### ACTIVITY
For the entries that follow, set down each one exactly and drop any pictures.

[Dataset records]
##############################

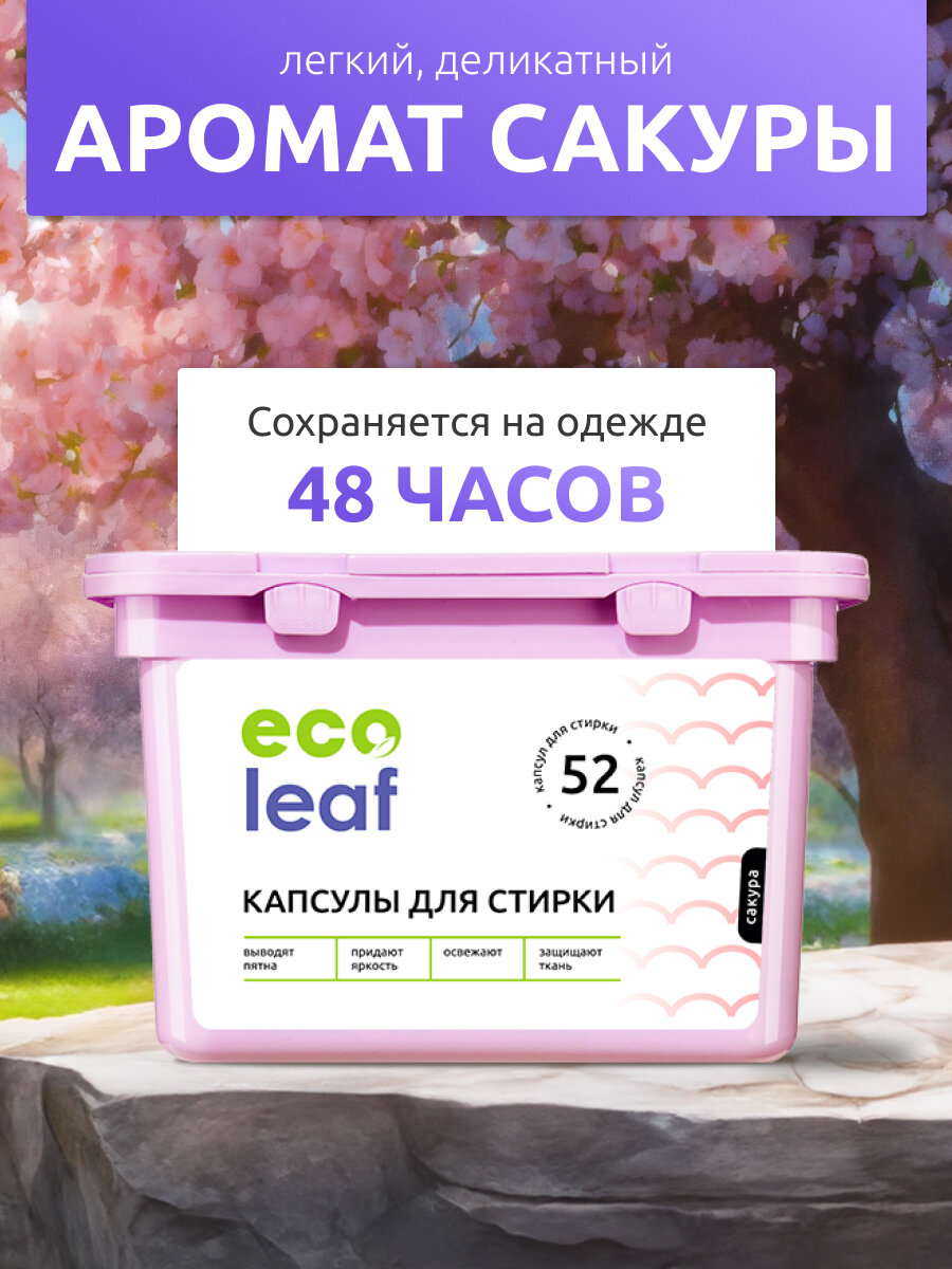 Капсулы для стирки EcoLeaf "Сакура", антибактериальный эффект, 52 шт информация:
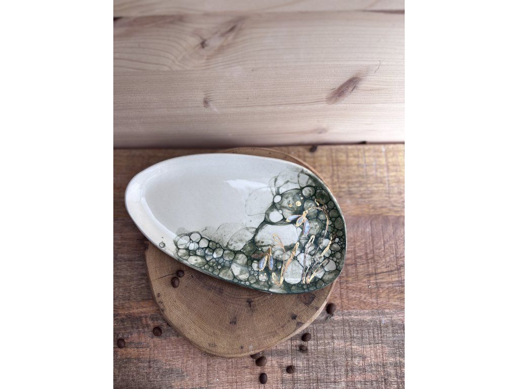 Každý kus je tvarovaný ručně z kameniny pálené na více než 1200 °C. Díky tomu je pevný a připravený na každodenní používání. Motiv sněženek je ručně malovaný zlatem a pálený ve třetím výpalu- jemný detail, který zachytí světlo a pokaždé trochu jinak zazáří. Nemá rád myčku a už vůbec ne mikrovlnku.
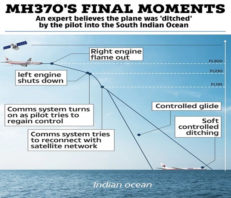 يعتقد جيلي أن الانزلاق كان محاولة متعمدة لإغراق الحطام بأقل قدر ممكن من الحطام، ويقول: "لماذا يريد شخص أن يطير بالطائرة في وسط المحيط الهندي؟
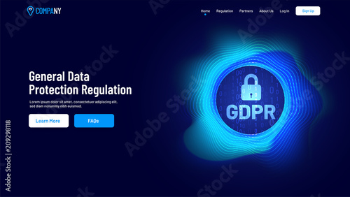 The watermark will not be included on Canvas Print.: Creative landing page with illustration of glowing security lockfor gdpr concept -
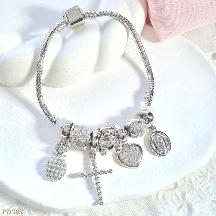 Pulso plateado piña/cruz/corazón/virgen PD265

##############################

### WRITTEN RESPONSE
 Капсулы для стирки EcoLeaf "Сакура", антибактериальный эффект, 52 шт информация:
 Každý kus je tvarovaný ručně z kameniny pálené na více než 1200 °C. Díky tomu je pevný a připravený na každodenní používání. Motiv sněženek je ručně malovaný zlatem a pálený ve třetím výpalu- jemný detail, který zachytí světlo a pokaždé trochu jinak zazáří. Nemá rád myčku a už vůbec ne mikrovlnku.
 يعتقد جيلي أن الانزلاق كان محاولة متعمدة لإغراق الحطام بأقل قدر ممكن من الحطام، ويقول: "لماذا يريد شخص أن يطير بالطائرة في وسط المحيط الهندي؟
 The watermark will not be included on Canvas Print.: Creative landing page with illustration of glowing security lockfor gdpr concept -
 Pulso plateado piña/cruz/corazón/virgen PD265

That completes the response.